On 3/15/10 2:42 AM, Tony Li wrote:
> Interestingly, I'm not sure that this is worth fixing.  Most BGP
> implementations store a copy of all of the best paths that they've received
> from neighbors.  They then compute the 'best path' amongst this set and
> advertise it appropriately.  Truly fixing this problem would require that an
> implementation retain state on a per-neighbor basis about which attributes
> were advertised (and in some cases, what changes to what attributes were
> performed).  Further, the implementation would still have to effectively
> compute the update because output policy could have a substantial impact on
> the result.  Thus, the question really becomes whether transmitting the
> update and receiving it is more expensive than additional filtering in the
> sender.  Given that bandwidth is 'free', the tradeoff is now between the
> sender with additional state and processing, or the processing in the
> receiver.  Note that the receivers task is to parse the update, realize that
> there is, in fact, no change, and not do anything.

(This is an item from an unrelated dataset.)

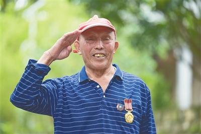 10月24日,得知记者要来采访自己,定安县国营金鸡岭农场罐头厂退休职工、83岁高龄的桂会山穿戴整齐,戴好纪念章,早早地站在位于金鸡岭农场十五队的家门口等候。

Indeed, you're trading systemic state for implementation optimizations,
in lots of places where issues such as this are amplified.  > 40%
duplicates in a system today ma not be a problem, however, if prefix,
origin, and path validation techniques are employed down the road in a
secure routing protocol built on the current model, and every one of
those updates have to be processed, I suspect at some point senders will
be a bit more conservative in what they send.